FDA sets PDUFA Date for I.V. Triferic Drug on March 28, 2020
As the current healthcare crisis rages on, millions of patients for other conditions still require the attention and innovation of professionals in the space to come to their aid.
While there are calls from leaders to fast-track drug approvals1 to mitigate the crisis, organizations such as the US Food and Drug Administration (FDA) still have potential drugs for other deadly conditions in need of review.
One new drug could potentially come as a relief to more than a billion people worldwide… VERY soon.
After going through all the necessary lead-up phases for FDA approval2, the drug’s future is hinged on what’s known as the ever-important PDUFA date3.
For this particular drug, that PDUFA date is ever so near…. March 28th, to be exact.
So… MARK YOUR CALENDARS, because that date could be the breakthrough for Rockwell Medical Inc. (NASDAQ:RMTI) that investors have been looking for. The company generated $61.3 million in revenue in FY 2019 and with the potential for the next approval so close, 2020 could turn out to be a fantastic year for the company.
This drug is named I.V. TRIFERIC®is attempting to tackle a very serious condition that the CDC acknowledges was the cause of 5,382 deaths (1.7 people per 100,000 population) in 2017.4
The condition is… anemia.
It’s an iron deficiency disorder—often associated with diabetes mellitus or Type 2—that affects more than 2.8 million Americans1 and over 1.62 billion people worldwide5.
And with the growing prevalence of diabetes, which is projected to increase by 54% to more than 54.9 million Americans between 2015 and 2030, and increased societal costs related to the disease to increase at roughly the same rate to more than $622 billion by 20306… this new drug if approved is clearly very needed.
It’s time to take an in-depth look at a company possibly on the cusp of a major drug approval, that’s here to protect those with anemia and kidney disease.

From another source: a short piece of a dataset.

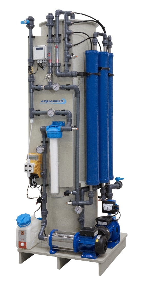 De Aquarius is een compacte RO-unit, met een geïntegreerd opslagvat. De Aquarius kan rechtstreeks op het leidingwaternet worden aangesloten. Dit water wordt vervolgens via een toevoerklep de installatie in getransporteerd, waar het na een veiligheidsvoorfilter op druk wordt gebracht door een Lowara-meertrapspomp. Op deze werkdruk wordt het water door de RO-membranen gezuiverd, waarna het is ontdaan van alle zouten. Het gezuiverde water wordt direct opgeslagen in het geïntegreerde voorraadvat. Optioneel wordt het water vanuit het voorraadvat op druk gebracht met een Lowara hydrofoorpomp.

Rockwell Medical Inc. (NASDAQ:RMTI)
Meet Rockwell Medical Inc. (NASDAQ:RMTI) a commercial-stage company with a platform drug technology designed to transform anemia management in a wide variety of disease states across the globe, with an initial focus on ESRD.
Their drug, TRIFERIC, is now before the FDA in the final days ticking down to its PDUFA date of March 28, 2020… the result of which could make or break the company.

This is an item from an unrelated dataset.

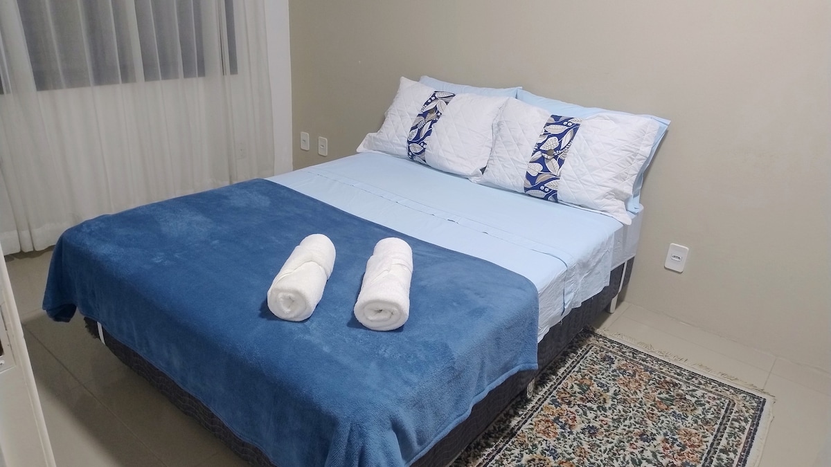 Hospede-se em um apartamento pensado com carinho para oferecer conforto e estilo. Com ar-condicionado nos quartos, cozinha completa e uma TV de 60”, sua estadia será ainda mais agradável. • Quarto 1 (suíte): Possui uma cama queen size, closet amplo e um banheiro completo com chuveiro a gás para seu conforto. • Quarto 2: Espaçoso, com uma cama de casal e espaço dedicado para home office, ideal para quem precisa trabalhar ou estudar durante a estadia. E para seu carro: garagem interna coberta!

Recent activities from the company show that they’re poised to roll with the platform, including having secured a war chest of $35 Million in debt financing, and a MASSIVE partnership with a +$11-Billion company for the rights to commercialize TRIFERIC in India.
The Rockwell Medical Inc. (NASDAQ:RMTI) team consists of winners from within the pharmaceutical sector, including a President and CEO who served as Corporate Officer and VP of Abbott Laboratories, leading its largest global business unit with $600 million of revenues.

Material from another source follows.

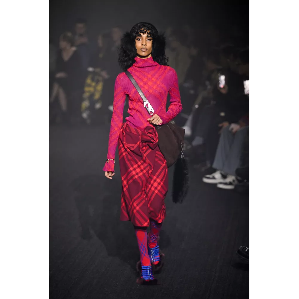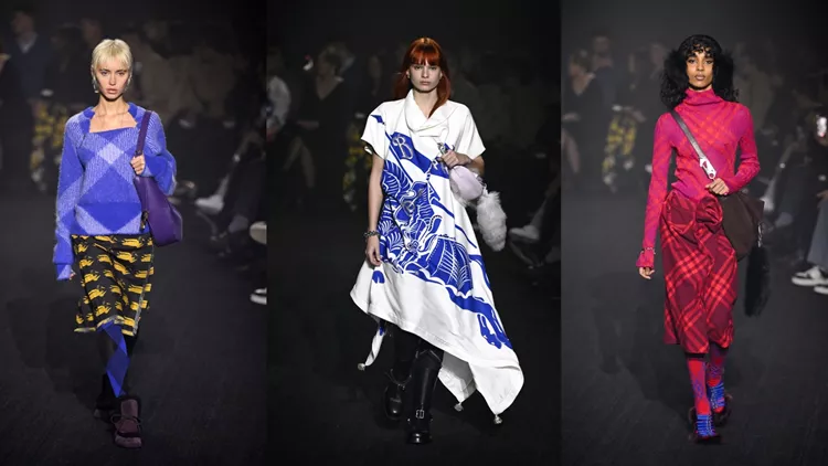 Και μίας και ο λόγος για βρετανική ψυχή, η "βρετανικότητα" ήταν πανταχού παρούσα σ' αυτή τη συλλογή μαζί με την κληρονομία και τους κώδικες του οίκου - όπως είναι τα καρό και o Έφιππος Ιππότης του Burberry (Equestrian Knight Design,), τον οποίο φρόντισε να επαναφέρει ως logo o νέος καλλιτεχνικός διευθυντής, αλλά και γενικά την ένδυση για εξωτερικές δραστηριότητες στην οποία εξειδικεύεται ο Burberry. Αδιάβροχα σε army -green, γαλότσες και hiking boots από faux γούνα, τσάντες με λαγοπόδαρα, καρό παντελόνια και kilt φούστες, γούνινα trapper hats, utilitarian jackets και cargo παντελόνια - διακοσμημένα μάλιστα με μοτίβο τριαντάφυλλο που παραπέμπει στο βρετανικό σύμβολο του english rose-, παλτό με πλουμιστή διακόσμηση από φτερά, blanket coats και μία σεβαστή ποικιλία από κομμάτια με το μοτίβο της αγριόπαπιας, δημιουργούν την αίσθηση μίας εξόρμησης στη βρετανική εξοχή, της διαρκούς απειλή για ξαφνική βροχή πάνω από το Λονδίνο και τα κυνήγια της Βασίλισσας Ελισάβετ στο εξοχικό κάστρο Balmoral. Όλα αυτά και τίποτα απ' όλα αυτά θα μπορούσαν να είναι στο μυαλό του Βρετανού Daniel Lee, που ξέρει όμως πως να επαναπροσδιορίζει τους κανόνες και να αποδίδει το ζητούμενο, εν προκειμένω την ηχηρή ανανέωση για τον οίκο Burberry.

Now it’s the potential for Rockwell Medical through Triferic to capture market potential in excess of $1 billion. This potential has not been ignored by the analysts currently covering and targeting Rockwell Medical Inc. (NASDAQ:RMTI).
Rockwell’s analyst coverage has been very favorable:
The potential for upside if the drug is approved this week could be massive.
CLOCK TICKING ON THE PDUFA DATE
In August 2019, Rockwell Medical Inc. (NASDAQ:RMTI) announced that the US Food and Drug Administration (FDA) had accepted the company’s New Drug Application (NDA) for its Intravenous formulation of TRIFERIC with a PDUFA (Prescription Drug User Fee Act) date of March 28, 20208.
It’s actually quite rare for new drugs to get to this stage of the approval process. Only a select few per year are even deemed eligible for this level approval.
If a company gets its breakthrough drug FDA approved, its stock typically is likely to climb as a result.
Knowing that a PDUFA date is imminent can give investors an edge and help them time their upcoming stock purchases.
STANDOUT COMMERCIAL-STAGE BIOTECH PLAY
What must be taken into account, is that Rockwell Medical Inc. (NASDAQ:RMTI) is already a commercial-stage company, with a platform technology that’s designed to transform anemia management as we know it—with the initial focus on end-stage renal disease (ESRD).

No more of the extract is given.